Wer sich einmal einen Mixed Martial Arts-Kampf angesehen hat, wird bestätigen können, dass es wohl kaum einen abwechslungsreicheren, wenngleich brutaleren Vollkontaktsport gibt. Quasi jede Technik aus anderen Kampfsportarten kann in den eigenen Stil integriert werden, vom klassischen Boxen bis zum Brazilian Jiu-Jitsu. Schlussendlich entscheidet jedoch derjenige den Kampf für sich, der am meisten einstecken und den Gegner am härtesten auf die Bretter schicken kann. Embattled“ macht von Anfang an Nägel mit Köpfen und demonstriert dem Zuschauer, dass Cash Boykins der unangefochtene King im Ring ist. Im Auftaktkampf stampft er seinen russischen Kontrahenten nach kurzem Trashtalk nicht nur gnadenlos in den Boden; sogar das angeheizte Publikum verstummt schlagartig, als Cash weiter auf seinen regungslosen Gegner eindrischt. Hiermit setzt Regisseur Nick Sarkisov direkt die erste Warnmarke, sodass der Zuschauer sofort weiß: Dieser Mann ist gefährlich. Hierbei werden schnell Erinnerungen an Filme wie „Rocky IV – Der Kampf des Jahrhunderts wach, wo der stoische Sowjetboxer Ivan Drago (Dolph Lundgren) direkt zu Filmbeginn den ehemaligen Weltmeister Apollo Creed (Carl Weathers) in einem Schaukampf tödlich niederstreckt. Nun ist Stephen Dorff zwar kein imposanter Zwei-Meter-Hüne, verstrahlt jedoch durch seinen gestählten Körper, den extravaganten Undercut-Pimp-Look sowie sein provokantes Mundwerk eindringlich die Aura eines aggressiven Kampfhundes.

Vater gegen Sohn

„Embattled“ setzt jedoch nicht nur auf die physische Komponente, sondern wird von Drehbuchautor David McKenna („American History X“) mit einem dramatischen Familienplot eingerahmt. Durch den Fokus auf den ältesten Sohn Jett erleben wir, in welchen prekären Verhältnissen der 18-Jährige aufwächst. Die Vorgeschichte seiner Eltern wird hierbei in Tischgesprächen oder kurzen Rückblenden eingestreut, wodurch sein Vater Cash als übergriffiges und narzisstisches Ekel entlarvt wird, das seine Frau nach der Geburt des behinderten zweiten Kindes kurzerhand verließ und selbst jetzt jegliche finanzielle Unterstützung verweigert. Nach jahrelanger Funkstille ruft Jetts Traum, selbst MMA-Kämpfer zu werden, den Rabenvater wieder auf den Plan, um seinen Spross mit knallhartem und herabwürdigendem Training selbst auszubilden. Schnell wird offensichtlich, dass die Geschichte auf ein Duell zwischen Vater und Sohn hinausläuft, das zwar intensiv aufgebauscht wird, wobei aber der tiefsitzende Vater-Sohn-Konflikt aufgrund fehlender moralischer Konsequenz schlichtweg verpufft. Auch werden zu viele Nebenhandlungen abgezweigt, die die Kerndramaturgie eher verwässern als bereichern; etwa ein Handlungsstrang um Donald Faison als kriegsgeschädigten Sonderschullehrer, dessen romantisches Tête-à-Tête mit Jetts Mutter zu gekünstelt und befremdlich daherkommt.

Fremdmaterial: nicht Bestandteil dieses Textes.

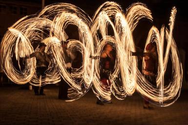 Keywords: juggle night photograph long exposure tracer artist street artists evening night winterthur fire torches swing dynamics light movement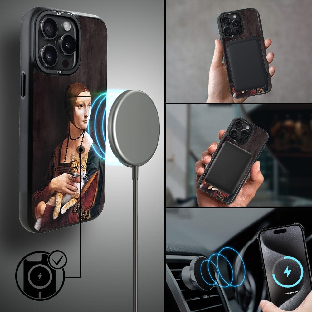 Etui do iPhone 15 Pro Max IBIZU DropGuard Matt z MagSafe, Leonardo Da Vinci, dama z kotem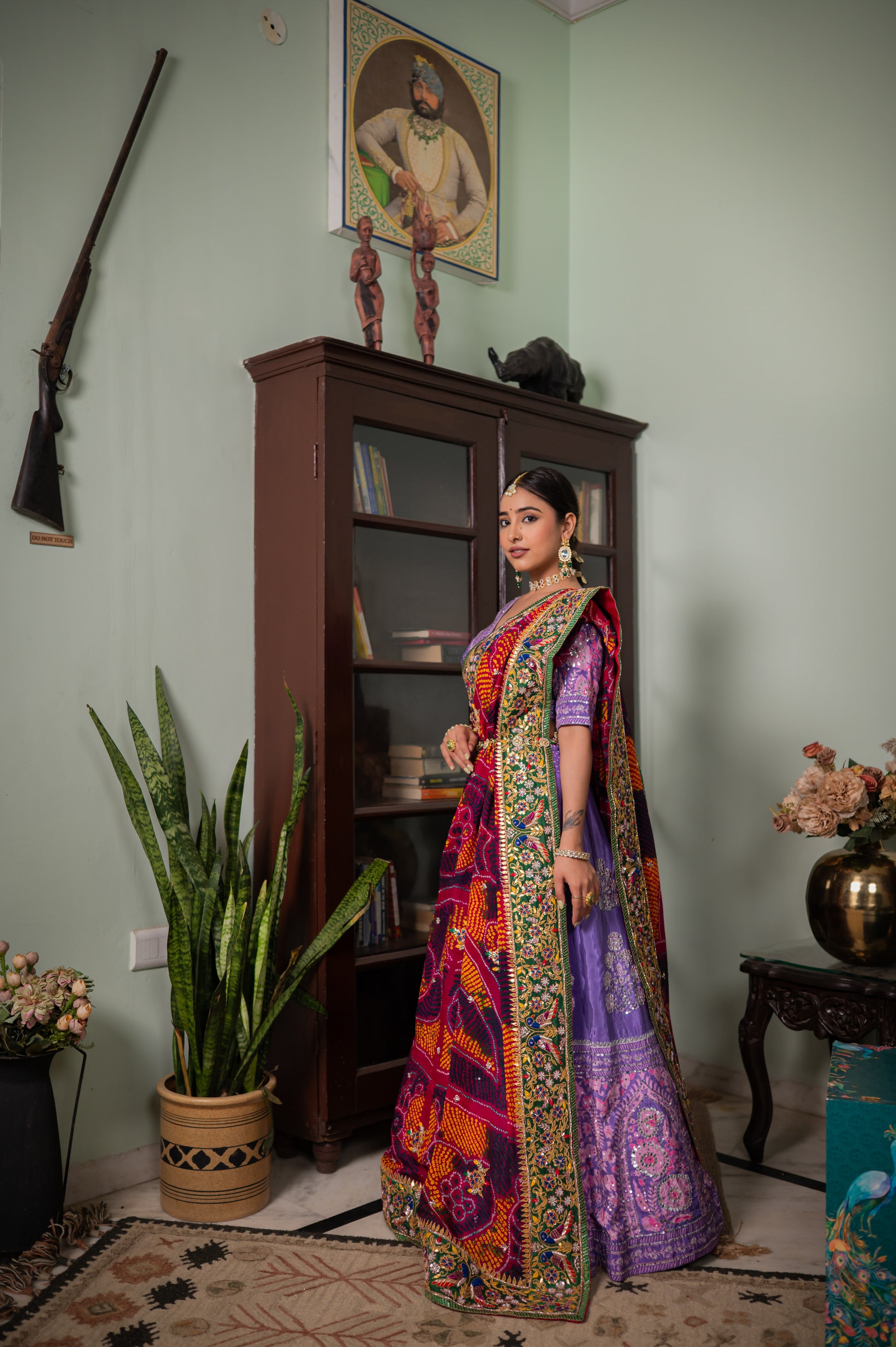 The beautiful Bandhej (or Bandhani) chunari is crafted from pure Ojariya silk, offering a refined drape and a subtle sheen. The rich red hue is perfectly complemented by intricate hand-done Zardozi, Gota Patti, and sequins work. The detailed double parrot motifs add a touch of artistic charm, while the luxurious handwork creates a brilliant and opulent design. This chunari is a true work of art, perfect for adding a touch of traditional luxury to your outfit.
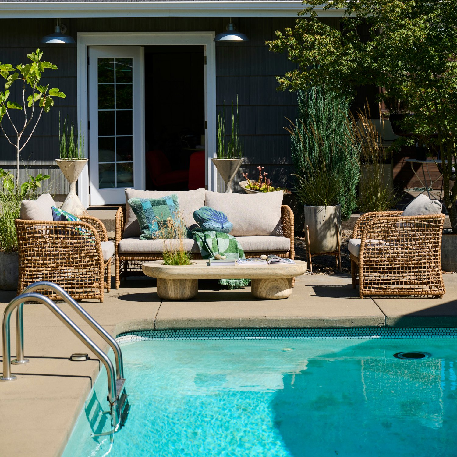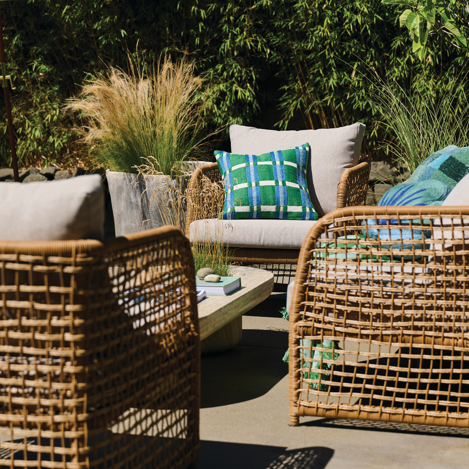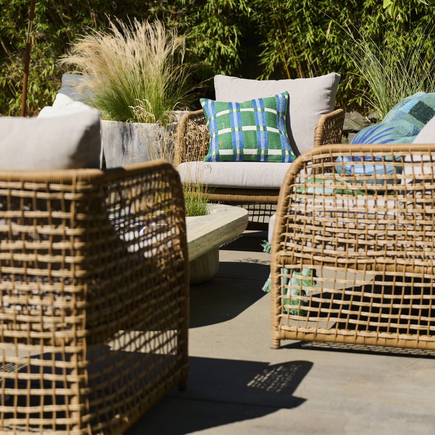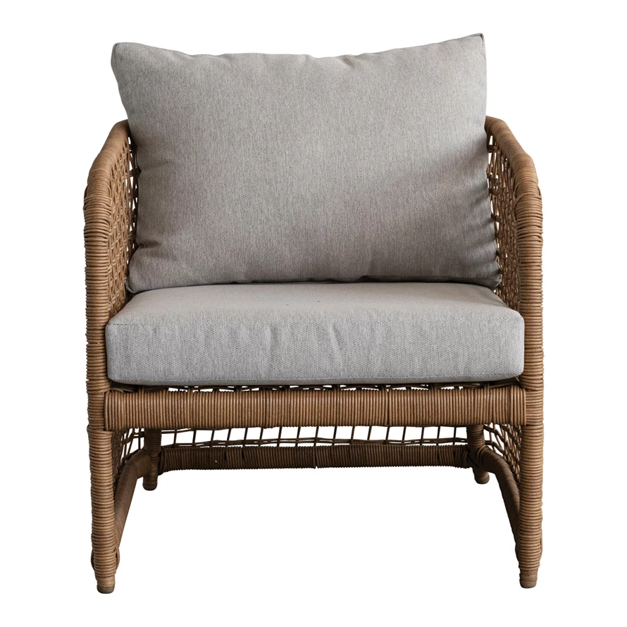 Hand-Woven Plastic Wicker Indoor/Outdoor Chair with Fabric Cushions

Auch schaffen es Sarkisov und McKenna nicht, das soziale Milieu um Jetts Familie glaubhaft und authentisch einzufangen und reduzieren alles vorrangig auf finanzielle Probleme, obwohl thematische Anrisse wie Jetts schulische Probleme oder die gewaltgeprägte Vergangenheit der Kinder interessante Potenziale geboten hätten. „Embattled“ schafft es daher nie, sich vom stereotypen Sportdrama-Mittelmaß abzuheben, bietet jedoch einige eindrucksvolle Kampfeinstellungen und einen alles überstrahlenden Stephen Dorff in Bestform.